Friday, May 24, 2013

INSPIRATION vs. INTIMIDATION

While some family and friends might provide honest feedback, at some point you will need to leave your comfort zone and seek professional critiques if you hope to grow.
While some family and friends might provide honest feedback, at some point you will need to leave your comfort zone and seek professional critiques if you hope to grow.
As I was thinking about this blog post I came across a quote in Guy Kawasaki's book APE: Author, Publisher, Entrepreneur-How to Publish a Book. While Kawasaki is talking about writers, I easily substituted photographer and it wrapped up something that I have thought about often over the years.
"Don't let successful writers [photographers] awe you. ...it's OK for you to admire them for the quality of their writing [photography] or their success. However, don't let other authors [photographers] awe you, because this is the first step to envy and self-doubt."
The final two words, self-doubt, really struck home. I was never envious of other photographers, but I have struggled with self-doubt my entire career.

When I decided I wanted to be a professional photographer, I read books by well known photographers, attended National Press Photographers Association Short Courses, looked through magazines and newspapers, paying particular attention to the photo credits and then following those photographer's work.
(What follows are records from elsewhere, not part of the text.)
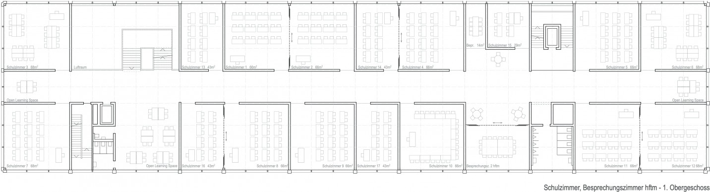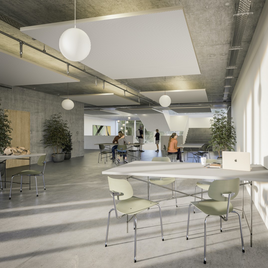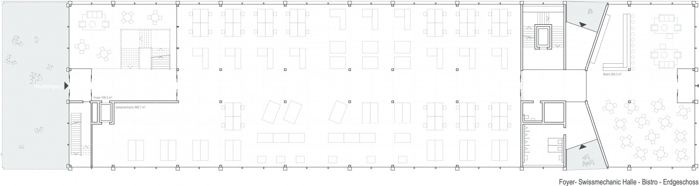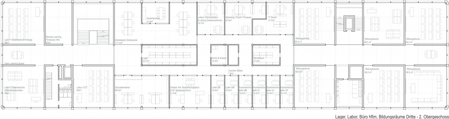 Das Schulgebäude A wird über eine grosszügige repräsentative Treppe bei Haupteingang sowie zwei weiteren Treppenhäuser erschlossen. Diese werden in jedem Geschoss durch eine zentrale Begegnungszone, miteinander verbunden. Dadurch wird eine optimale Verbindung zwischen allen Räumen geschaffen. Im Erdgeschoss befindet sich neben dem Haupteingang mit Foyer und Treppe, dem Bistro und Sanitärräume die grosse Halle für die Swissmechanic. Für die maximale Flexibilität der Organisation der Maschinen, Arbeittsstationen und Werktischen ist die Halle als Open Space Fläche konzipiert.
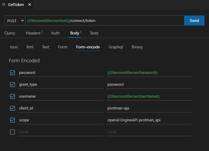 Now when you do a GetToken request, the resulting token is saved in the variable SitecoreIdToken.
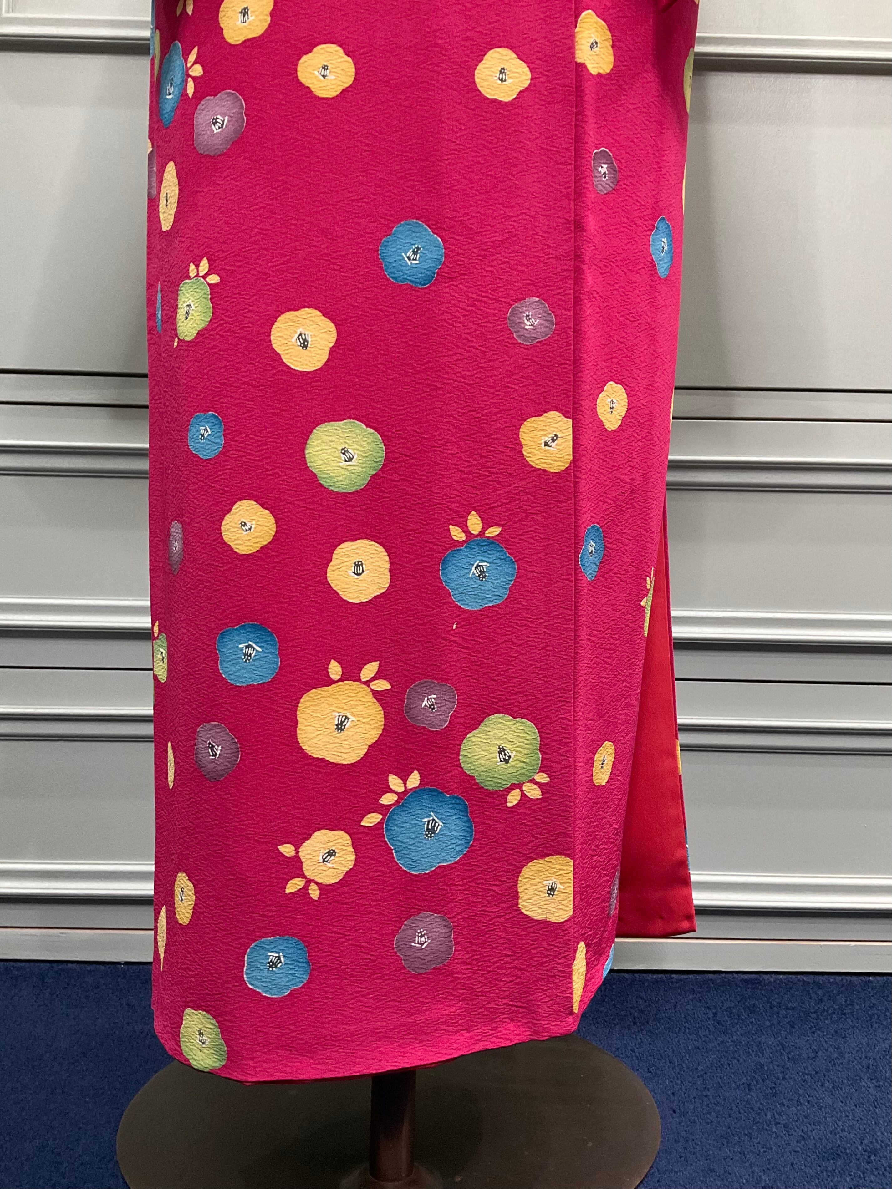 ロング*ルビーピンク キャンディ・カメリア*リサイクル小紋キモノ 0590
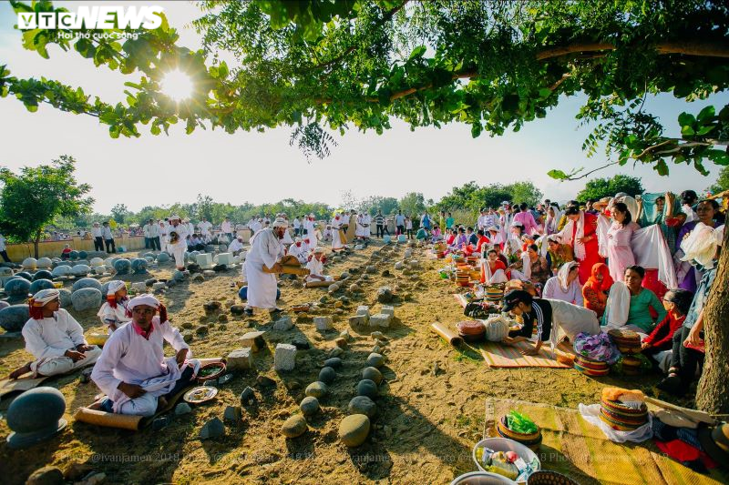 Từng tộc họ đến nghĩa địa để làm cỏ, vun đất phần mộ cho sạch đẹp. Mộ của người Chăm Bàni là những hòn đá tròn xếp thành những hàng dài rất đều đặn. Tất cả được chôn có khoảng cách đều nhau và theo hướng Bắc - Nam. Hướng Bắc là vị trí của đầu, hướng Nam là vị trí của chân. Các mộ liền nhau, thậm chí chôn chồng lên nhau nên còn được coi là mộ chôn chung.
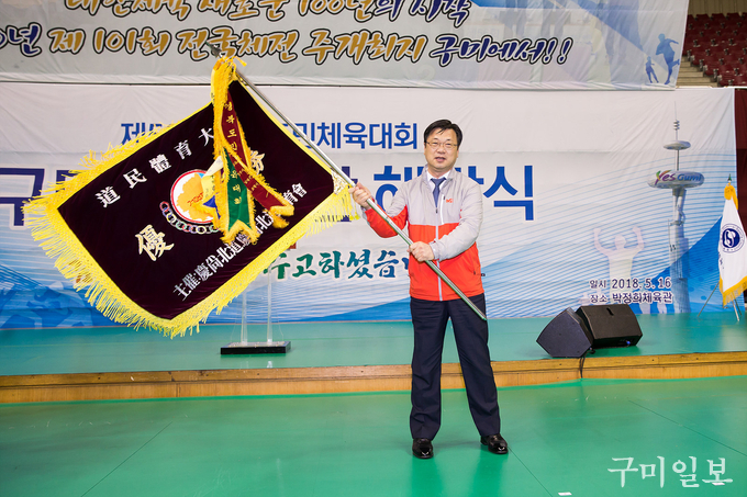 이날 해단식은 구미시체육회 김수조 상임부회장의 경과보고를 시작으로, 우승기(컵) 전달, 단기 반납, 유공자 표창, 축사, 축하공연 순으로 진행되었으며, 이날 행사를 통해 선수단에 대한 격려와 사기진작 및 종합우승에 기여한 유공자에게 감사의 마음을 전달하고 앞으로의 발전 방안을 모색하는 자리를 마련했다.
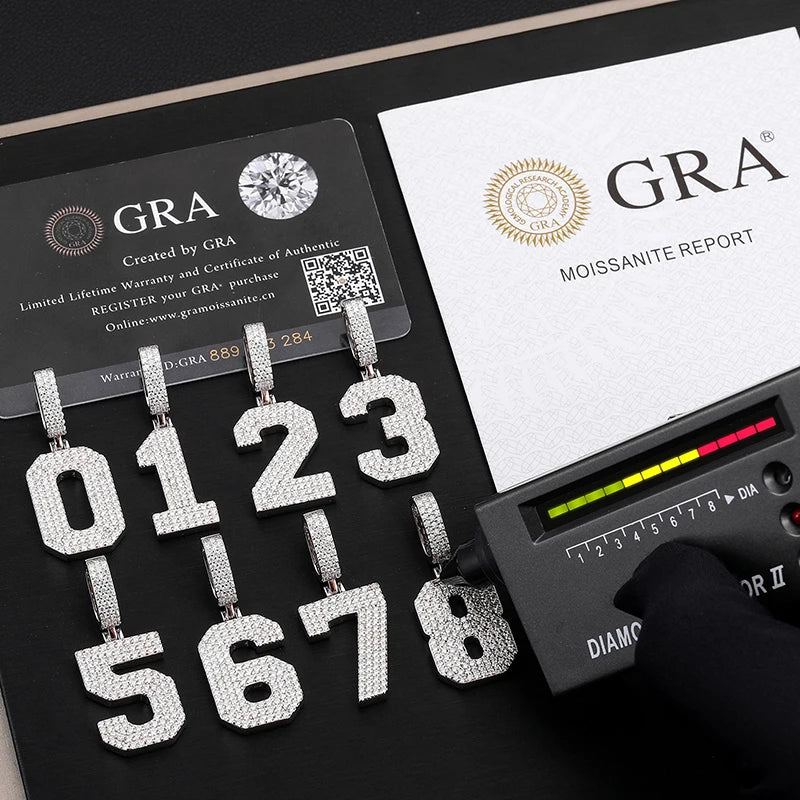 0-9 Lucky Numbers Moissanite Pendants Necklaces For Women 925 Silver Pendants Men Hip Hop Jewelry Fashion Birthday Gifts
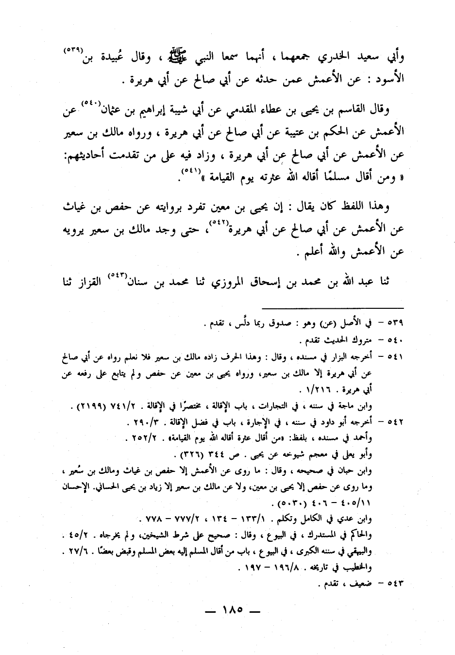 وَهَذَا اللَّفْظُ كَانَ يُقَالُ: إِنَّ يَحْيَى بْنَ مَعِينٍ تَفَرَّدَ بِرِوَايَتِهِ عَنْ حَفْصِ بْنِ غِيَاثٍ، عَنِ الْأَعْمَشِ، عَنْ أَبِي صَالِحٍ، عَنْ أَبِي هُرَيْرَةَ، حَتَّى وُجِدَ مَالِكُ ابْنُ سعير يرويه عن الأعمش، وَاللَّهُ أَعْلَمُ.
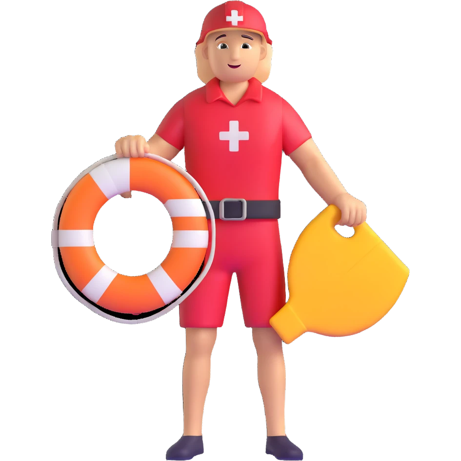 lifeguard with rescue buoy on beach emoji | AI Emoji Generator
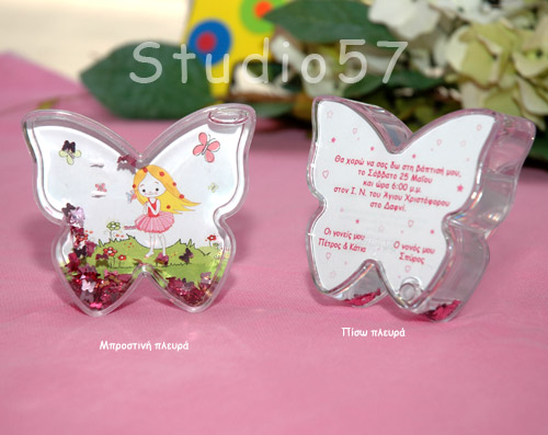Προσκλητήριο βάπτισης χιονόμπαλα, σε σχήμα πεταλούδας.
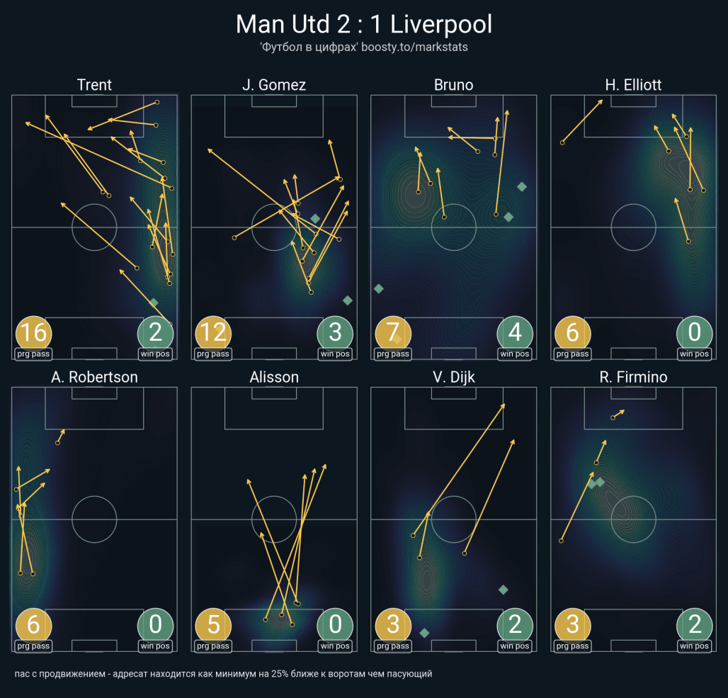 Но главным руководителем команды был, конечно, Бруну. Многие писали, что он был незаметным и самым худшим игроком на поле. Это вызывает лишь усмешку. Во-первых, португалец чаще всех в нашей команде касался мяча – в полтора раза больше ближайшего преследователя в лице Маласии (66 касаний у Бруну против 43 у Тайрелла) Во-вторых, Фернандеш за матч сыграл сразу на трех позициях. В начале игры он был под нападающими и накрывал защитников «Ливерпуля» едва ли не чаще всех в атакующей четверке. Затем он спустился чуть ниже, сконцентрировавшись на игре в районе центрального круга: дальние передачи, пасы вразрез, где-то придержать мяч, если это было необходимо. В конце матча он и вовсе стал третьим опорником, помогая сдерживать навал гостей. Все это очевидно было указанием Эрика, так как и сама команда опускалась ниже. Но именно положение Бруну было центральным во всех построениях. В-третьих, он отрабатывал по максимуму. Сделать резкий прострельный мяч на дальнюю Эриксену? Легко! Пойти в подкат после кривой передачи Скотта, чтобы вывести Элангу на пустые ворота? Пожалуйста! Руками показать Санчо, что Алиссон улетел на его замахе также, как и Милнер? Обязательно! Заменить МакТоминея/Фреда/Эриксена, задержавшихся в атаке, вырвав мяч с ногами? Без проблем! В итоге у него 4 возврата мяча, 3 отбора за 5 попыток, 3 перехвата, 5 выносов, 2 блока, 2 ключевые передачи. Да, Бруну заигрывался, потеряв мяч 5 раз. И игра в его исполнении была далеко не идеальная. Но говорить, что он был незаметен – бред.

You might wonder what is wrong with that? Probably nothing for some, however I compared every shot I took with the work I was following or being presented with at conferences and guess what? It didn't come close. While it didn't stop me from becoming a professional, I know that it kept me from becoming a better photographer earlier in my career. Mostly because I was reluctant to widely share my photography and slow to find [photography] mentors.

Look for inspiration: I encourage every photographer to go back and look at the work of those that came before or follow photographer's whose work that they enjoy. There is nothing wrong with that, just be careful not to compare yourself too closely with others, especially if it causes you to put down your camera in frustration. Remember that there is something to learn from both the past and present, but only you can take a photograph that is your vision.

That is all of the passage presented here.